I received the same advice about bathing with the rescue I had. While it is good advice, I also did not want to stress her out when the lice were not seriously affecting her health. It was more of a mild irritant so I simply waited until everyone was old enough to receive topical treatment. 
If the mites are really bad and worsening her health and appearance, I would suggest bathing her. Otherwise, I do not think it would hurt too much to wait and try to control the sterility of her environment rather than on her for a few weeks.


----------



## SarahEden (Mar 5, 2013)

OK I will toss the aspen and and carefresh into the big freezer then.
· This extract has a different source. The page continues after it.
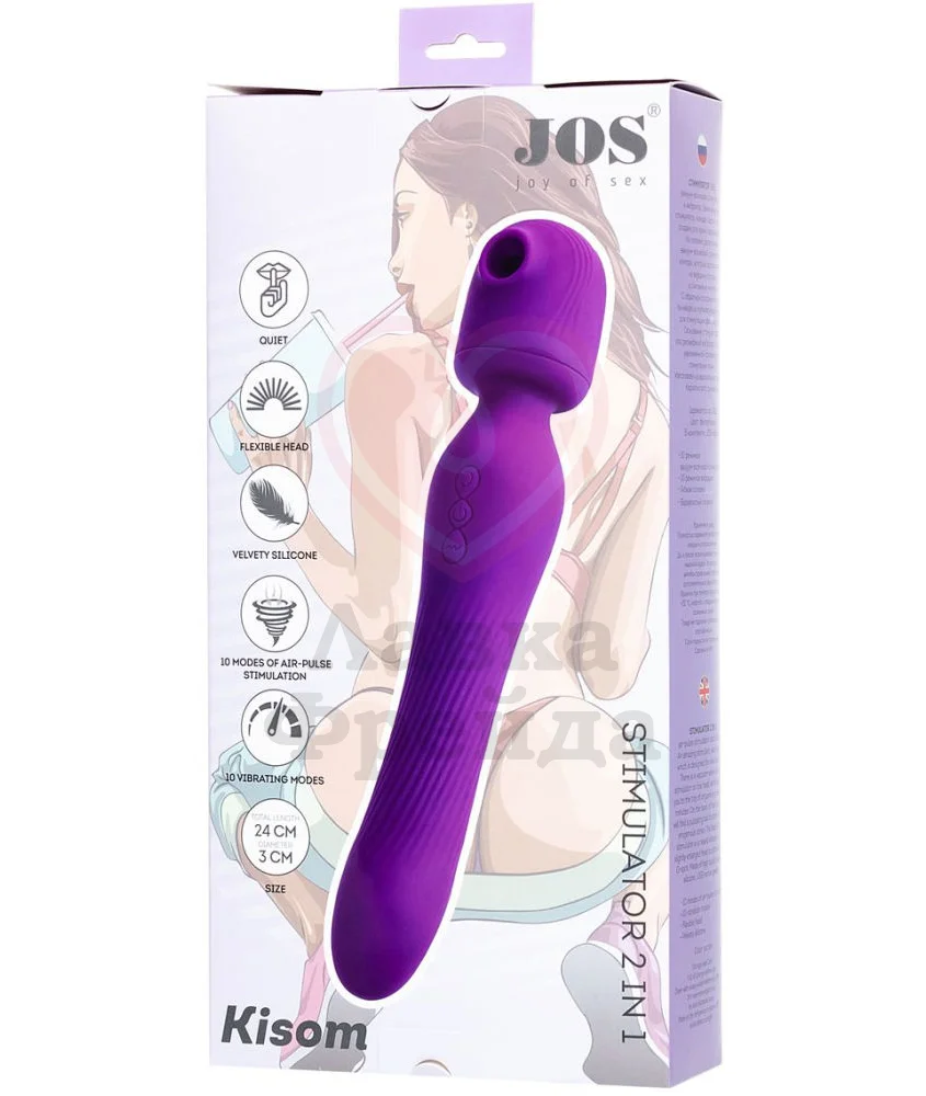 Вибратор Jos Kisom - двусторонняя игрушка, которая в считанные минуты доведёт вас до яркого, взрывного оргазма. Первая часть аксессуара - это крупная гибкая головка, дополненная с одной стороны маленьким пульсирующим шариком, а с другой вакуумно-волновым стимулятором. Обе стороны головки идеально подходят для максимально эффективной стимуляции клитора легким постукиванием и нежными воздушными импульсами.

Hopefully she holds off another day and I can change the bedding tomorrow. Crossing my fingers! Thanks so much


----------



## Gannyaan (Dec 7, 2012)

I can't wait for these baby pics ! 


Sent from Petguide.com Free App


----------



## SarahEden (Mar 5, 2013)

Still nothing, but she's totally rearranged her tank yet again and is now sleeping ontop of the box rather than in it which she hasn't done before... so I am probably just going to get rid of the box and not replace it when I change the bedding later.

https://fbcdn-sphotos-d-a.akamaihd.net/hphotos-ak-ash4/1459954_10153490144640220_545621156_n.jpg

https://scontent-a-lga.xx.fbcdn.net/hphotos-prn1/1001993_10153490144915220_857776587_n.jpg

She has stuffed everything inside the box as well so maybe a reason why she's not sleeping in it.


----------



## nanashi7 (Jun 5, 2013)

Well, it's getting down to the last possible days and I'm certain she's pregnant. Just until the sixteenth!
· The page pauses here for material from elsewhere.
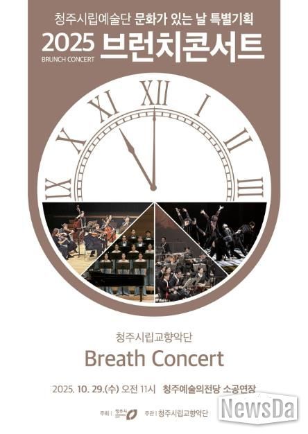 뉴스다 최광묵 기자 | 청주시립교향악단은 오는 29일 오전 11시 청주예술의전당 소공연장에서 ‘브런치콘서트–Breath Concert’를 공연한다.

Sent from Petguide.com Free App


----------



## SarahEden (Mar 5, 2013)

Definitely pregnant..... she's like a whale.  
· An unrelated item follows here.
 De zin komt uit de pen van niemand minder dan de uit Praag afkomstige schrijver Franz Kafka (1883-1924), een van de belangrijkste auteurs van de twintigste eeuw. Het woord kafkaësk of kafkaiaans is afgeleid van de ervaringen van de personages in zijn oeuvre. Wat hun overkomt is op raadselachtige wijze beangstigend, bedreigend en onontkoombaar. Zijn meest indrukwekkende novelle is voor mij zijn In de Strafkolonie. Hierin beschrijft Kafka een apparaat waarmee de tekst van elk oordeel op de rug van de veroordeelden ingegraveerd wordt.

She is now in the box and has completely barricaded herself in... I don't know how she even did that  will have to remove that shortly to change the bedding though.. hope I'm not upsetting her with all these cage cleanings.


----------



## Isamurat (Jul 27, 2012)

I tend to find that the mum withdraws and becomes less interested in the outside world a few hours before she births assuming all goes smoothly so you may hear the sound of eeping soon. I would not disturb her or clean out the cage any more right now, too much disruption can cause her to loose the babies. Once they are born leave the cage for at least 24 hours,, then you can spot clean the worst and properly clean her out when they have started getting fur at about a week old. Its a pain as they do tend to stink by this time but its about looking after the mum and babies.


----------



## SarahEden (Mar 5, 2013)

I was cleaning often due to mites at this point, I had just changed the bedding then noticed she had mites... so I had to freeze everything for 24 hours and clean the cage out again to help with the mites hopefully. She's not overly smelly really. She hasn't come out of her nest yet this morning but I haven't heard any babies so I don't think there is any yet, perhaps getting ready for them.


----------



## Isamurat (Jul 27, 2012)

Yep normally they start getting broody up to 12 hours before. If there's no eeps by tomorrow morning I would tempt her out of her next with something tasty and just check she's ok and if she's passed anything. Also worth making sure she looks ok this evening to, there can be complications with birthing. I wouldn't get her out our guys her though unless she wants to come out.


----------



## SarahEden (Mar 5, 2013)

She has babies!!! I think 10 but I didn't mess with them much, just checked quick and left her be. I'll check again in a bit to make sure they all have milk bands and look okay. 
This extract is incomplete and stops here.